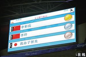 賽場(chǎng)大屏幕顯示女子撐桿跳高的金銀銅牌歸屬
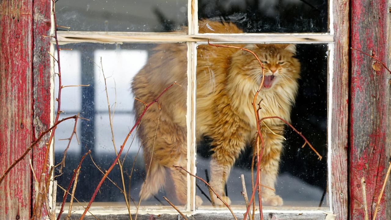 Обои Маленький рыжий котенок играет рождественским декором на окне
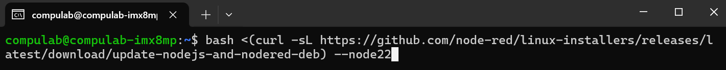 Before Node Red can be installed, the node.js runtime must be installed. As of January 2026, node.js version 22.x LTS is recommended. Instructions to install this version of node.js on Debian based systems can be found here.
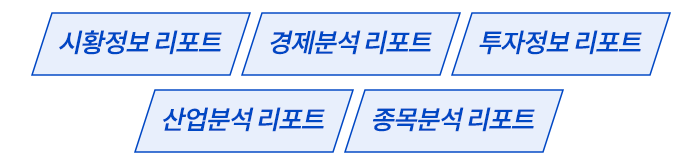 매년 하반기에 발간되는 ‘연간 주식시장 전망’과 다음 달과 다음 주를 전망하고 이슈를 짚어내는 ‘월간 리포트’와 ‘주간 리포트’들입니다. 미리 주식시장에 영향을 줄 만한 이슈를 이해하고 먼저 준비하는 것도 좋은 투자전략이 될 수 있습니다.
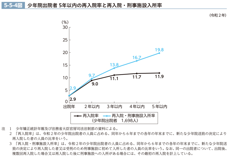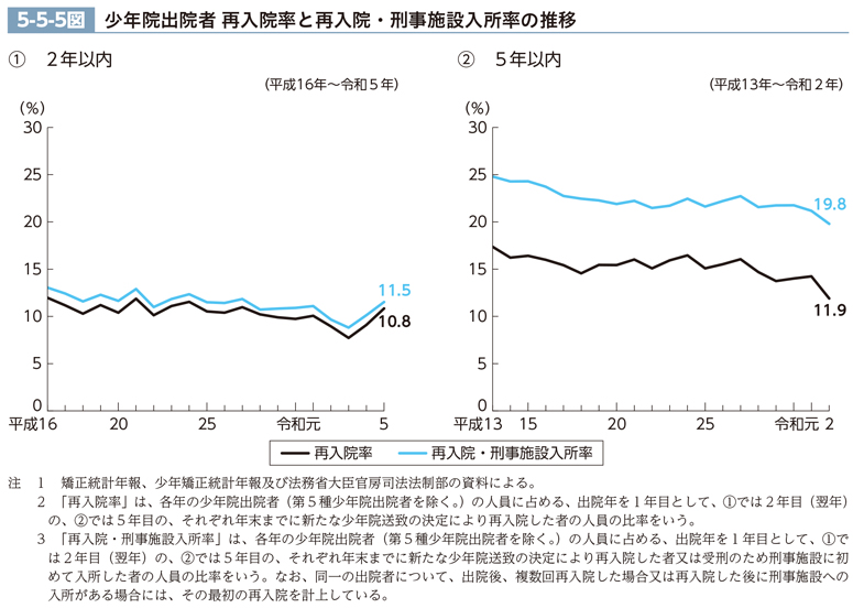 この項では、少年院出院者の再入院又は刑事施設への入所の状況について概観する。ここで、再入院率とは、各年の少年院出院者人員のうち、一定の期間内に、新たな少年院送致の決定により再入院した者の人員の比率をいい、再入院・刑事施設入所率とは、各年の少年院出院者人員のうち、一定の期間内に、新たな少年院送致の決定により再入院した者と初入者として刑事施設に入所した者の合計人員の比率をいう(以下この項において同じ。)。例えば、2年以内再入院・刑事施設入所率とは、各年の少年院出院者人員のうち、出院年を1年目として、2年目、すなわち翌年の年末までに再入院した者又は初入者として刑事施設に入所した者の人員の比率をいい、このうち再入院した者に限ったものを2年以内再入院率という。なお、同一の出院者について、出院後、複数回再入院した場合又は再入院した後に刑事施設への入所がある場合には、その最初の再入院を計上している。
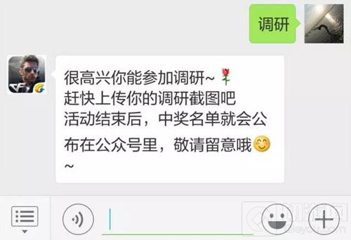 3、收到下图回复后请上传调研截图,便可参与活动!
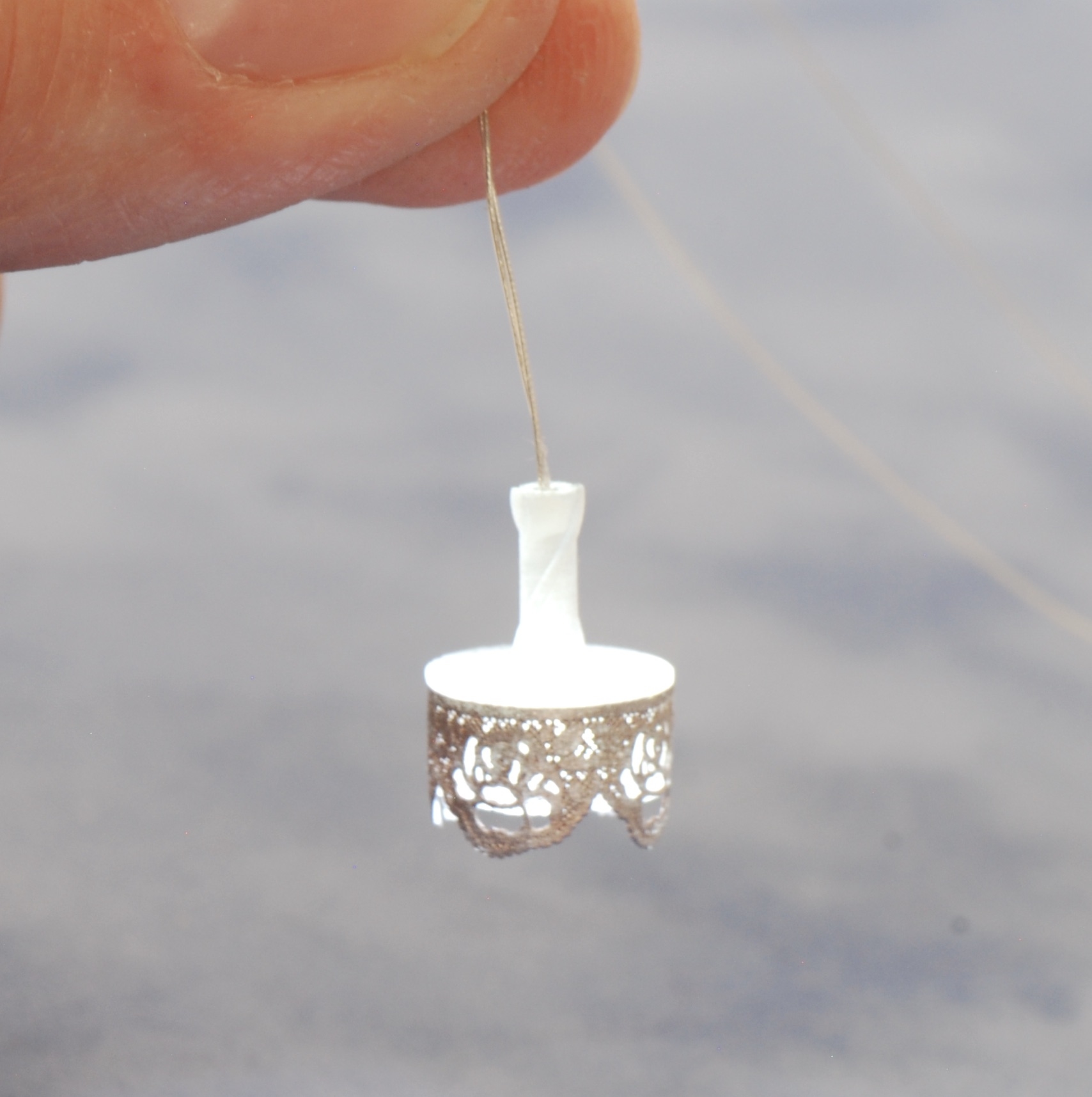 This is a wonderful new Chandelier for 1:48 miniatures. It's beautifully 3D printed and comes with a piece of rose laser lace to wrap around the chandelier. You can buy this kit with or without a lighting kit. The laser lace can be easily painted with alcohol inks and the photo shows it painted with Rose Gold Alcohol ink. It came out stunning!
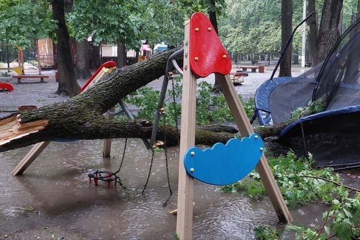 Пострадала также игровая площадка у кафе «Лесное» на Олимпийской аллее. Под ударом от одного дерева деформировались сразу несколько детских аттракционов – качели и батут.

┄┄┄┄┄┄

» **Required work**
In the entries above, find the line with "この項では、少年院出院者の再" and the line with "3、收到下图回复后请上传调研截图,便可参与活动!". Write out exactly those two lines and every line between them, pictures excluded.

» **Answer space**
 この項では、少年院出院者の再入院又は刑事施設への入所の状況について概観する。ここで、再入院率とは、各年の少年院出院者人員のうち、一定の期間内に、新たな少年院送致の決定により再入院した者の人員の比率をいい、再入院・刑事施設入所率とは、各年の少年院出院者人員のうち、一定の期間内に、新たな少年院送致の決定により再入院した者と初入者として刑事施設に入所した者の合計人員の比率をいう(以下この項において同じ。)。例えば、2年以内再入院・刑事施設入所率とは、各年の少年院出院者人員のうち、出院年を1年目として、2年目、すなわち翌年の年末までに再入院した者又は初入者として刑事施設に入所した者の人員の比率をいい、このうち再入院した者に限ったものを2年以内再入院率という。なお、同一の出院者について、出院後、複数回再入院した場合又は再入院した後に刑事施設への入所がある場合には、その最初の再入院を計上している。
 3、收到下图回复后请上传调研截图,便可参与活动!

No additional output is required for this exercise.